Sepekan telah berlalu di kota Padang dalam event nasional petani se-Nusantara, di halaman mushalla Babul Jannah yang menjadi saksi tanpa seorang pun yang melihat prosesinya. Sang mentor, akademisi, penggerak dan inspirator menyerahkan bukunya kepada penulis seperti buku yang diterima oleh sang gubernur asal daerah penulis, Sulawesi Selatan, juga buku yang sama diterima oleh para tokoh nasional bahkan pesohor negeri jiran.
Ketika transaksi kado buku berlangsung, juga disertai taklim literasi dari Bung RISMA dengan berkata, “Tulislah apa yang dilihat, didengar, dan dirasakan, lalu biarkan tulisanmu berjalan sendiri menemui pembacanya di ruang-ruang publik. Teruslah menulis tentang ilmu dan kebaikan. Tidak usah pedulikan orang yang tidak menyukainya.”
Khutbah literasi diakhiri dengan assessment singkat dari sang mentor dan mengurai potensi penulis pada angka kuantitatif sebesar 60 persen peluangnya mampu untuk menulis. Kekuatan inspirasi inilah yang sangat bertuah bagi penulis hingga mencapai dunia literasi dan memenuhi ruang-ruang publik melalui tulisan.

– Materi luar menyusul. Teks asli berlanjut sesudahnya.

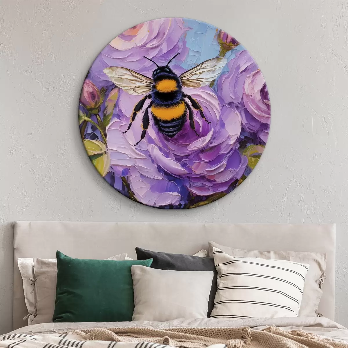 Tableaux rondes Abeille sur les pivoines roses, fleurs d'été colorées, peinture à l'huile, coups de pinceau vifs r39411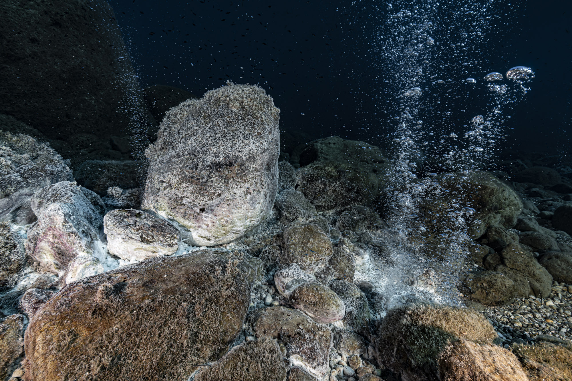 La première plongée est époustouflante : à seulement quelques mètres de profondeur, des éruptions permanentes de gaz venant directement de la chambre magmatique du volcan s’échappent des entrailles de la Terre pour former d’impressionnants rideaux de bulles. Dans la caldeira, certains sites dégagent plus d’un million de litres de gaz par jour.

Melalui ajakan Bang RIM bergelut pada media berbasis on line di Bengkel Narasi Indonesia yang didirikannya, akhirnya penulis menemukan ruang literasi menulis untuk mengkonstruksi
jalan pikiran menjadi sebuah produk narasi. Struktur bangunan narasi didesain dari berbagai kegiatan lapangan dan pengalaman kerja yang dilengkapi dengan rujukan data valid dan kompatibel. Pada suatu percakapan di whats app, secara filosofis Bang RIM berucap bahwa, “benih yang disemai di masjid kecil
Kota Padang akhirnya mulai tumbuh dan akan menghasilkan buah.”
RIM menuliskan quotenya dalam sumpah pena yaitu, “Buah terlezat sepanjang masa yang bertahan dalam segala musim dan menjadi kegemaran para pemikir besar dunia adalah BUAH PENA. Dengan menulis akan mampu mengangkat penulisnya bertahta di puncak intelektualitas publik.”
Kemudian Bung RISMA dalam perjumpaan terakhir di serambi mushalla Babul Jannah menutup dakwah literasinya dengan memberi garansi candaan bahwa siapapun yang berkunjung ke negeri para dewa penulis yaitu Kota Padang, maka bersiaplah menjadi penulis sesungguhnya. Pasca launching buku Harapan Barru, Bang RIM kembali mengingatkan bahwa, “renungilah berkah shalat fardhu berjamaah di mushallah kecil Babul Jannah Kota Padang, petunjuk seorang pengembara ilmu yang mengatakan:
“bertemu dan berkenalannya dengannya sudah 80 persen menjadi penulis.”
Kini perkataan penjelajah ilmu itu sudah terbukti. Kini orang bijak dari gubuk sederhana samping rumah Tuhan di Bumi Minangkabau itu terus berkarya dan memberi motivasi dan inspirasi untuk menulis. Kekuatan pikir dan imajinasinya tetap bercahaya terang dengan sangat produktif melahirkan ide penulisan. Daya kritis dan pandangannya terhadap kondisi bangsa ini selalu dituangkan dan diwujudkan menjadi sebuah produk literasi yaitu buku karya ilmiah yang paling monumental.
Terakhir RIM berpesan kepada penulis, “Jangan pernah jenuh memposisikan dirinya sebagai murid kepada setiap orang yang ditemui, karena disitulah Tuhan tersenyum kepadamu.” Berjumpa dengan Bang RIM telah menciptakan progres yang sangat berarti dalam menyelami dunia literasi walau hanya sepekan di ranah Minang.
Salam rindu dan hormatku kepada Bapak Ruslan Ismail Mage. Semoga Bung RISMA terus berkarya yang bersenjatakan PENA beramunisi idealisme dan senantiasa dalam perlindungan dan rahmat Allah Swt.